Work instructions >>
Quote all of the data that follows exactly as written, skipping the images.

Input data >>
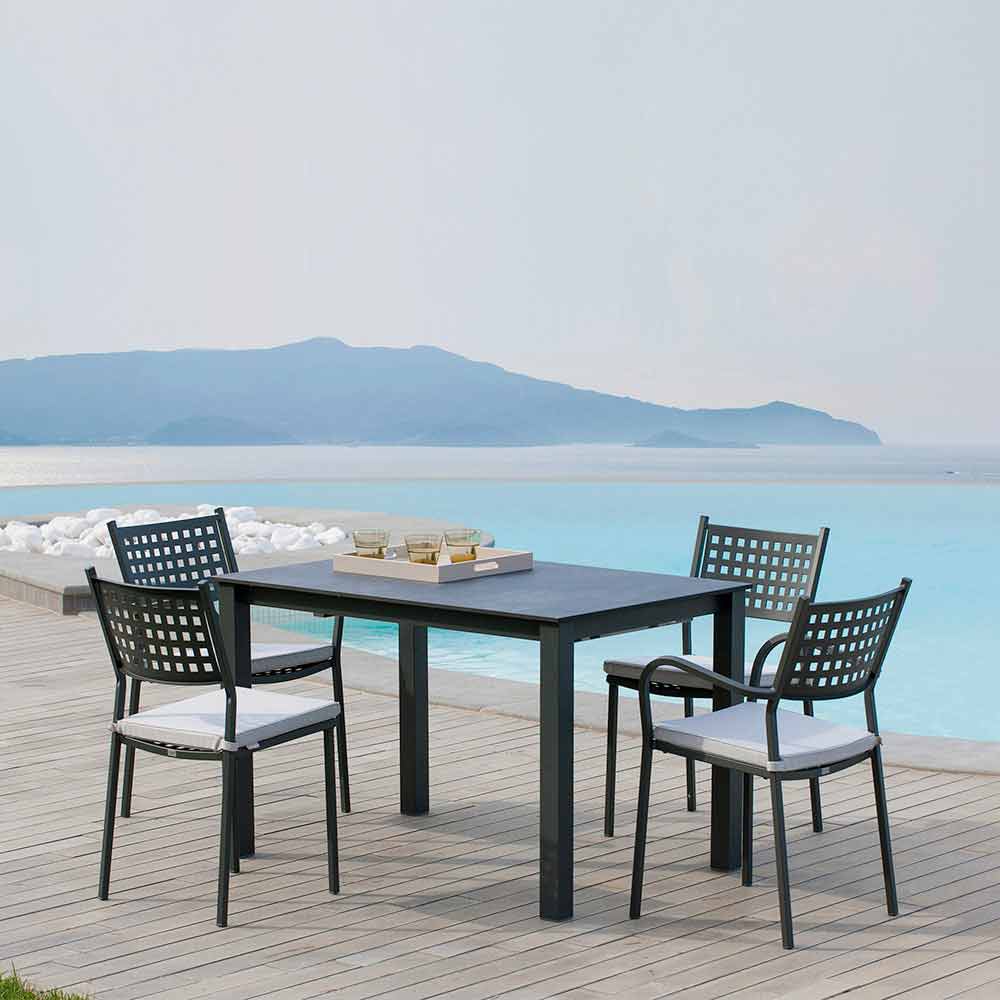 pulverlackerat galvaniserat järn, målat med härdande pulver, idealisk för behandling av utomhusprodukter och ger perfekt motståndskraft mot alla atmosfäriska faktorer. Tack vare det breda utbudet av tillgängliga färger passar denna stol perfekt in i alla utomhussituationer och ger
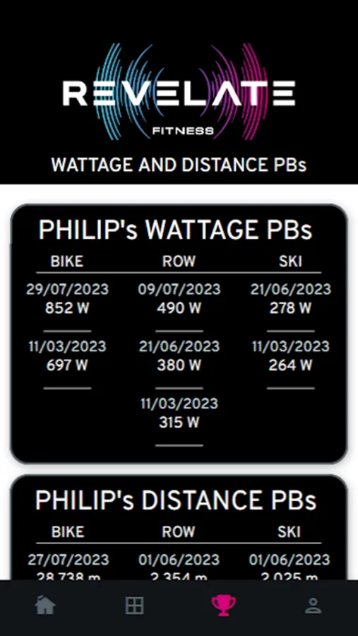 2) Maximum Wattages: Discover your peak power output on each machine.
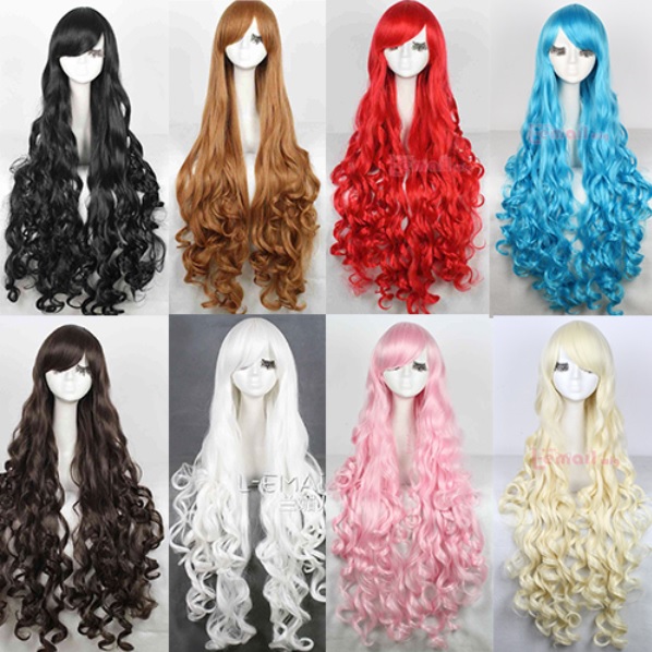 Curly White Blonde Pink Red Blue Brown Cosplay Wig 100cm Synthetic Hair Long

Solution to the exercise >>
 pulverlackerat galvaniserat järn, målat med härdande pulver, idealisk för behandling av utomhusprodukter och ger perfekt motståndskraft mot alla atmosfäriska faktorer. Tack vare det breda utbudet av tillgängliga färger passar denna stol perfekt in i alla utomhussituationer och ger
 2) Maximum Wattages: Discover your peak power output on each machine.
 Curly White Blonde Pink Red Blue Brown Cosplay Wig 100cm Synthetic Hair Long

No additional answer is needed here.